Чалка вздрогнула — на нее спрыгнули Пахом и Звияга.
— Лучше бы веревку сбросили, — ворчливо укорил их князь. — Как бы не унесло кораблик.
Он прошел по лавкам на корму, присел над воющим бандитом. Две картечины, попавшие в великолепную французскую кирасу, пробить качественную сталь не смогли — но выгнули ее глубоко в обратную сторону. В первый миг показалось — до самых позвонков.
— И где вы только броню такую взяли? — усмехнулся князь. — Теперь только на перековку годится.
Он выпрямился, пошел вперед:
— Пахом! Как чалку привяжете, бедолаг, что по ту сторону еще барахтаются, вытаскивайте по одному и вяжите покрепче.
— Зачем нам эти уроды, княже? Пусть тонут, токмо мир чище станет.
— Пригодятся, Пахом, пригодятся. Целых — на цепь, в трюм к проклятому золоту посадить. Смекаешь? Остальных — воеводе, для отчета сдать. Так что и дохлых, что не потонули, тоже сгребите. Гляньте, нет ли на чалке казны. Серебро им больше не понадобится.
* * *
Возвращался князь с холопами и добычей быстро. Стремительно промчавшись сквозь Бычью щель, они спустились вниз по течению через Горский проход, оказавшийся довольно быстрой рекой, подняли паруса и под попутным ветром, лихо вспарывая волну, пошли точно на Корелу. Даже болтающаяся сзади на привязи чалка и две полузатопленные лодки не особо замедлили ход крепкого, высокобортного ушкуя. Одна ночевка посреди озера — и уже к полудню корабль князя Сакульского подвалил к короткой крепостной пристани.
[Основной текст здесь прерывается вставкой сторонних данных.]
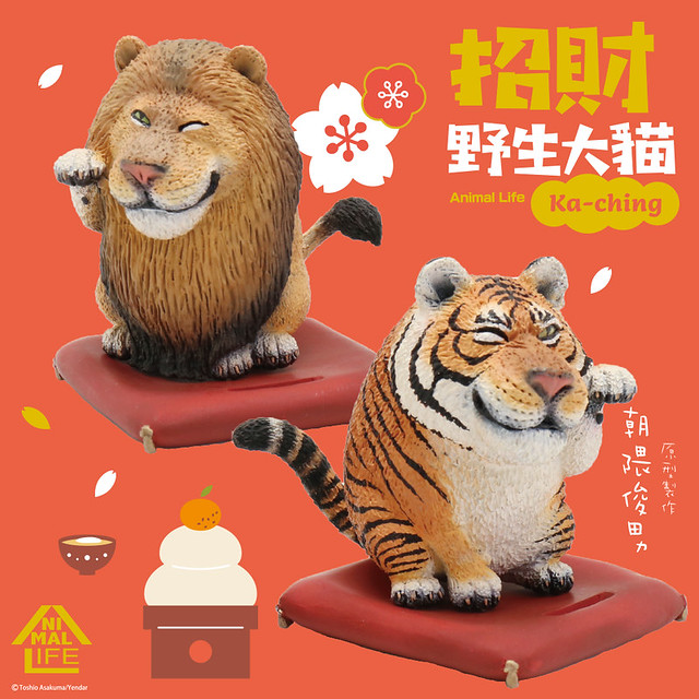 這可不是過年吃的肥嘟嘟,而是二頭身的獅子&老虎化身為招財貓,眨著眼睛為你招人招財招客招福氣! 底下附有座墊並有卡槽,可以卡上閃亮的錢幣為你帶來幸運喔!
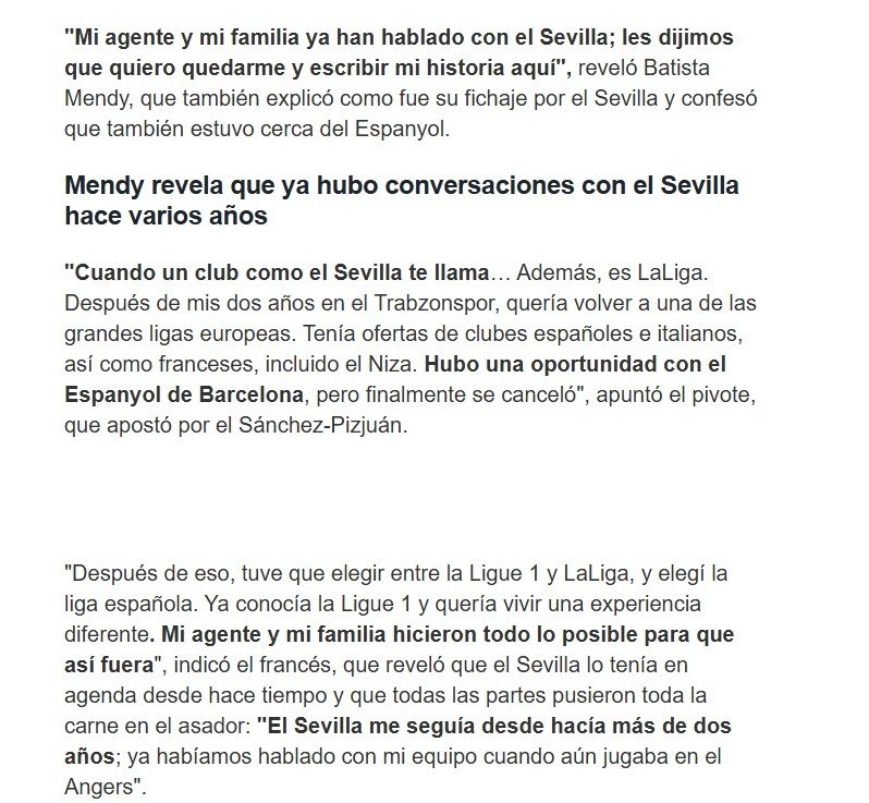 Foot Mercato’ya konuşan Mendy, “Henüz Trabzonspor ile konuşmadık ama İspanya’da mutluyum. Sezon sonunda neler olacağını göreceğiz, 7 milyon euro’luk bir satın alma opsiyonu söz konusu. Menajerim ve ailem Sevilla ile zaten görüştü; onlara burada kalmak ve kendi hikayemi yazmak istediğimi söyledik.” ifadelerini kullandı.
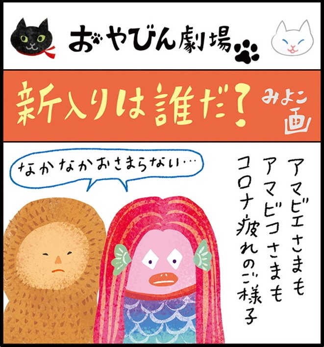 ちょっとお疲れのアマビエさんとアマビコさん。そこに現れた「疫病退散」の強力な助っ人とは!?
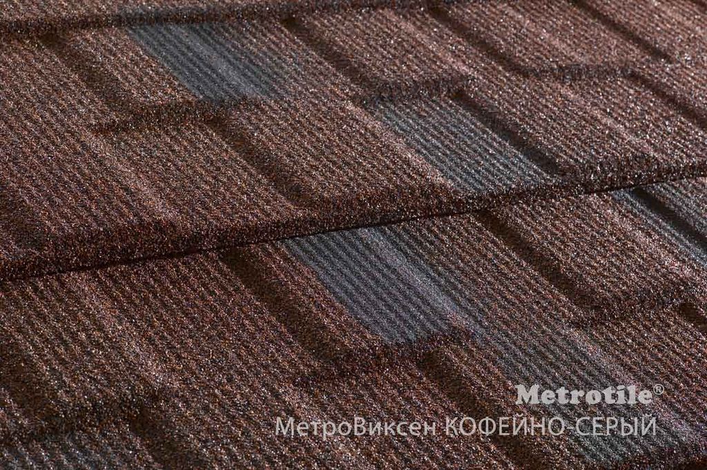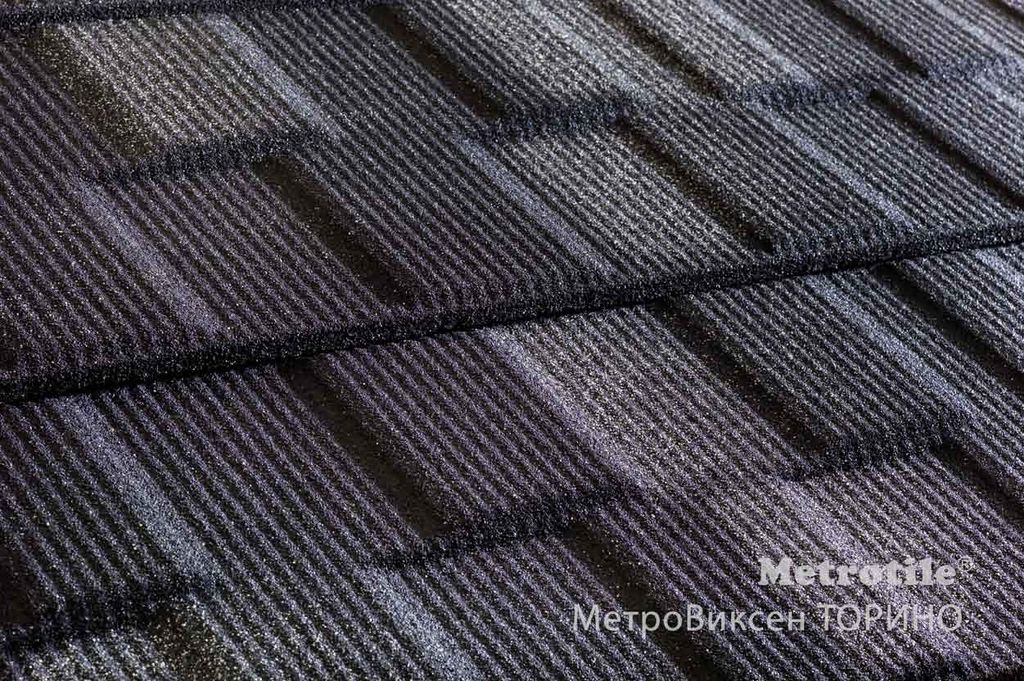Профиль MetroViksen выделяет каждый визуальный "гонт" как при помощи игры цвета каменной посыпки, так и объемом профиля, поднимающегося на 30 мм.

Андрей спрыгнул на слегка оструганные сверху бревна причала и остановился, наблюдая за холопами.
Те принайтовали трофейное судно к ушкую с внешней стороны, выволокли на берег разбитые лодки, а потом стали вытаскивать мертвые тела, рядком укладывая на чахлую, потоптанную траву. Дело это могло показаться грязным и противным кому угодно, но только не тем, кто победил врага в жестокой схватке и теперь мог с гордостью подтвердить свою доблесть.
Крепостная стража, поначалу не сообразившая, что происходит, засуетилась, послышались тревожные крики. Вскоре из ворот появились первые зеваки, стали собираться кучками чуть в стороне. Вслед за ними прибежал все в том же казакине, но в войлочных туфлях и тафье на бритой макушке боярин Афанасий Семенович. Воевода замер, не зная, как реагировать на происходящее.
Между тем, освободив судно от мертвецов, холопы начали выводить раненых со стянутыми за спиной руками и бросать их рядом с уже отбегавшими свое товарищами.
— Ну, принимай, воевода, по счету, — весело предложил Зверев. — Двенадцать дохлых тушек, семь душегубов увечных. Еще с десяток, извини, во время сечи утопло, сдать не могу. — Про четверых вполне здоровых разбойников, сидящих в трюме, князь предусмотрительно промолчал. — Вот этот, в шелковой рубахе и с расшитыми штанами, за главного у них был. — Андрей кинул рядом с закатившим глаза пленником выгнутую половинку кирасы и кичливый шестопер с резной рукоятью.
— Стало быть, управился… — пробормотал себе под нос воевода, проходя вдоль окровавленных тел. — Ужели един с тремя холопами?
— А чего не управиться? — засмеялся Андрей. — Тати ведь жирных и ленивых купцов ждали на ушкуе встретить. На которых шикни — и сами лапки поднимут. Мы же люди служилые, к сече привычные. Опять же, мы в броню заранее оделись, а эти… — Князь пнул одного из раненых в разодранной рубахе, — жары убоялись. Даже под кирасой никакого поддоспешника на тате не имелось. Ну, а доспешный супротив бездоспешного… Сам понимаешь, боярин.
— Это верно, — согласился воевода. — Можно и одному супротив троих легко устоять.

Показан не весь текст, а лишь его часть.